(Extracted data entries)
■ ■ ■ ■

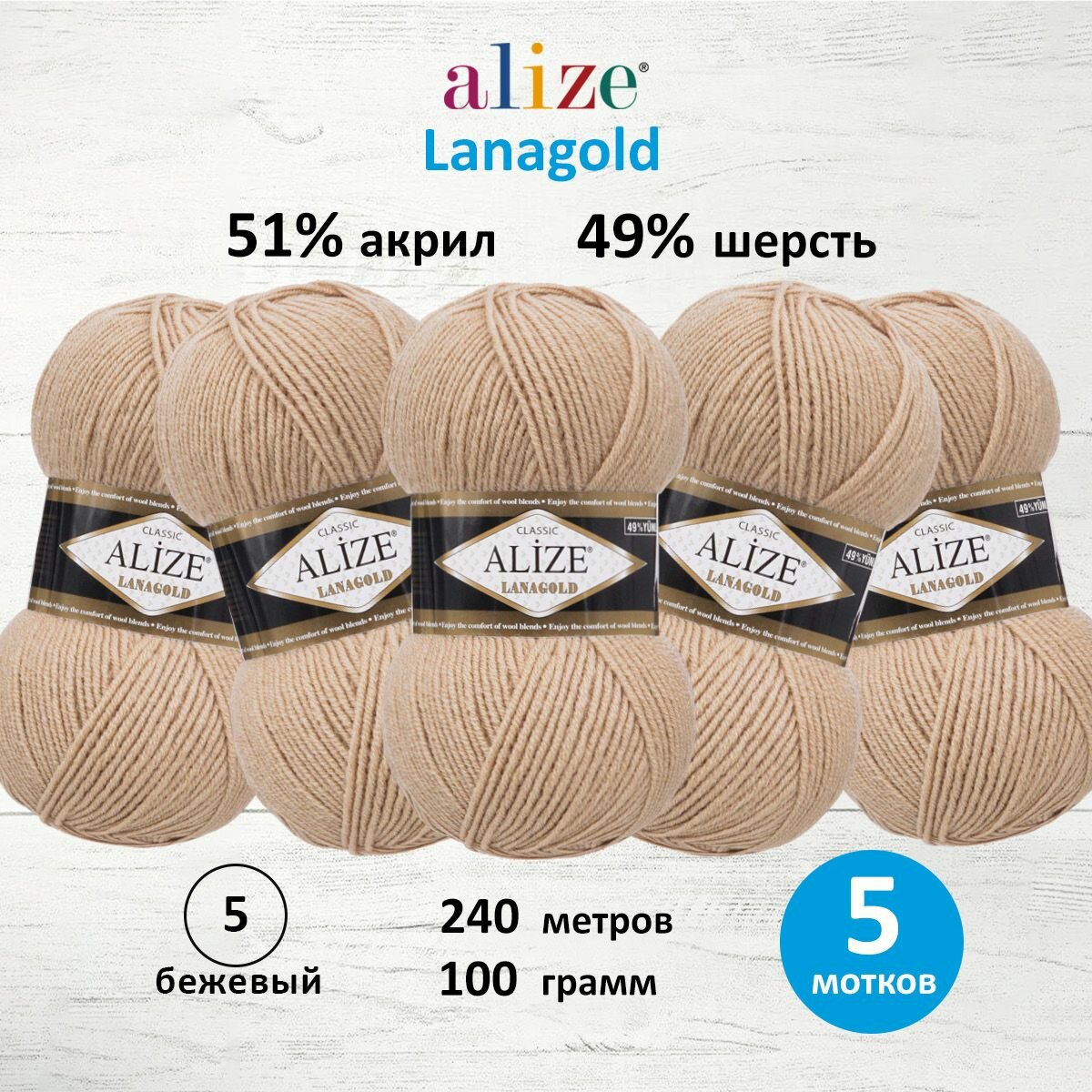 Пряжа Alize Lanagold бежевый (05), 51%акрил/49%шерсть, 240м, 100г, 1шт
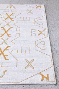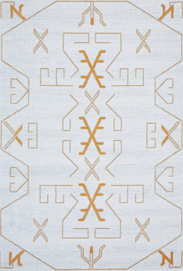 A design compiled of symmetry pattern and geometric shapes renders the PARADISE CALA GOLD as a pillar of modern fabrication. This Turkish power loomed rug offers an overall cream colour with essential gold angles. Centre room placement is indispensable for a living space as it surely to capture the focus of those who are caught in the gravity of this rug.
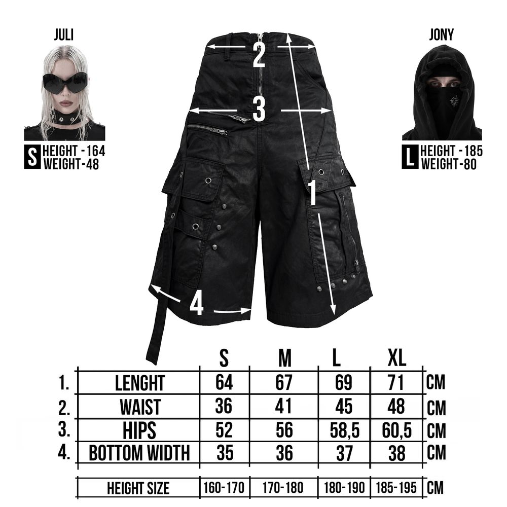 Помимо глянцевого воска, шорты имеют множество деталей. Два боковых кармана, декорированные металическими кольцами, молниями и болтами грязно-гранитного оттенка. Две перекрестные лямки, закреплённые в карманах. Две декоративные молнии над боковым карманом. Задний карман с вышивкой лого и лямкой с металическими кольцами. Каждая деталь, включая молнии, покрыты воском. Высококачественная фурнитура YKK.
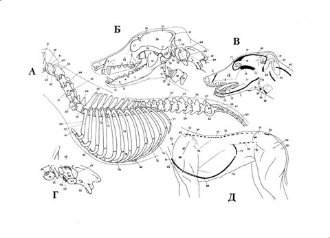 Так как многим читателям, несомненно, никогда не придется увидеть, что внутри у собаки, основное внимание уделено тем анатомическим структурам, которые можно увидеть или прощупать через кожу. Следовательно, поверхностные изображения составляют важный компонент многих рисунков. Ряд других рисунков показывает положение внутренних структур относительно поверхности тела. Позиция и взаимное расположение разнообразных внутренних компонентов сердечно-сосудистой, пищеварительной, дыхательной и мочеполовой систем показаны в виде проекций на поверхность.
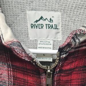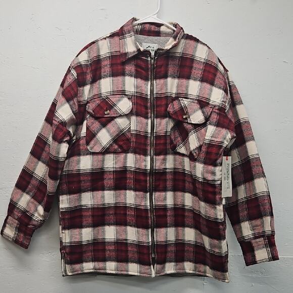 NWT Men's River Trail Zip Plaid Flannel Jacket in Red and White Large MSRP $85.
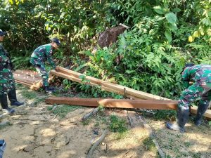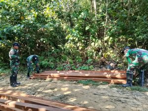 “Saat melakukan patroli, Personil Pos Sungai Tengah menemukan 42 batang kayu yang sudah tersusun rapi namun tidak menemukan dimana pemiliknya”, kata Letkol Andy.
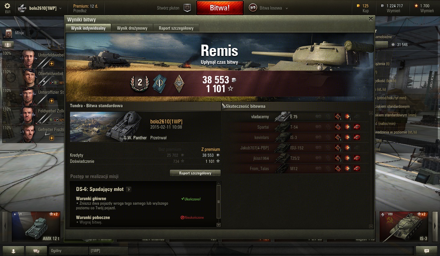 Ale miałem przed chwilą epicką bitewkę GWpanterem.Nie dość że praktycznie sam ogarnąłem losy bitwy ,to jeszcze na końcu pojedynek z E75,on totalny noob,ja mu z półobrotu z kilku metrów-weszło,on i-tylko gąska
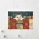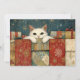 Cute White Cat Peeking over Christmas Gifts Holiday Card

■ ■ ■ ■

**Required work**
Copy out the preceding entries without a single change, leaving out the pictures.

**Output for this task**
 Пряжа Alize Lanagold бежевый (05), 51%акрил/49%шерсть, 240м, 100г, 1шт
 A design compiled of symmetry pattern and geometric shapes renders the PARADISE CALA GOLD as a pillar of modern fabrication. This Turkish power loomed rug offers an overall cream colour with essential gold angles. Centre room placement is indispensable for a living space as it surely to capture the focus of those who are caught in the gravity of this rug.
 Помимо глянцевого воска, шорты имеют множество деталей. Два боковых кармана, декорированные металическими кольцами, молниями и болтами грязно-гранитного оттенка. Две перекрестные лямки, закреплённые в карманах. Две декоративные молнии над боковым карманом. Задний карман с вышивкой лого и лямкой с металическими кольцами. Каждая деталь, включая молнии, покрыты воском. Высококачественная фурнитура YKK.
 Так как многим читателям, несомненно, никогда не придется увидеть, что внутри у собаки, основное внимание уделено тем анатомическим структурам, которые можно увидеть или прощупать через кожу. Следовательно, поверхностные изображения составляют важный компонент многих рисунков. Ряд других рисунков показывает положение внутренних структур относительно поверхности тела. Позиция и взаимное расположение разнообразных внутренних компонентов сердечно-сосудистой, пищеварительной, дыхательной и мочеполовой систем показаны в виде проекций на поверхность.
 NWT Men's River Trail Zip Plaid Flannel Jacket in Red and White Large MSRP $85.
 “Saat melakukan patroli, Personil Pos Sungai Tengah menemukan 42 batang kayu yang sudah tersusun rapi namun tidak menemukan dimana pemiliknya”, kata Letkol Andy.
 Ale miałem przed chwilą epicką bitewkę GWpanterem.Nie dość że praktycznie sam ogarnąłem losy bitwy ,to jeszcze na końcu pojedynek z E75,on totalny noob,ja mu z półobrotu z kilku metrów-weszło,on i-tylko gąska
 Cute White Cat Peeking over Christmas Gifts Holiday Card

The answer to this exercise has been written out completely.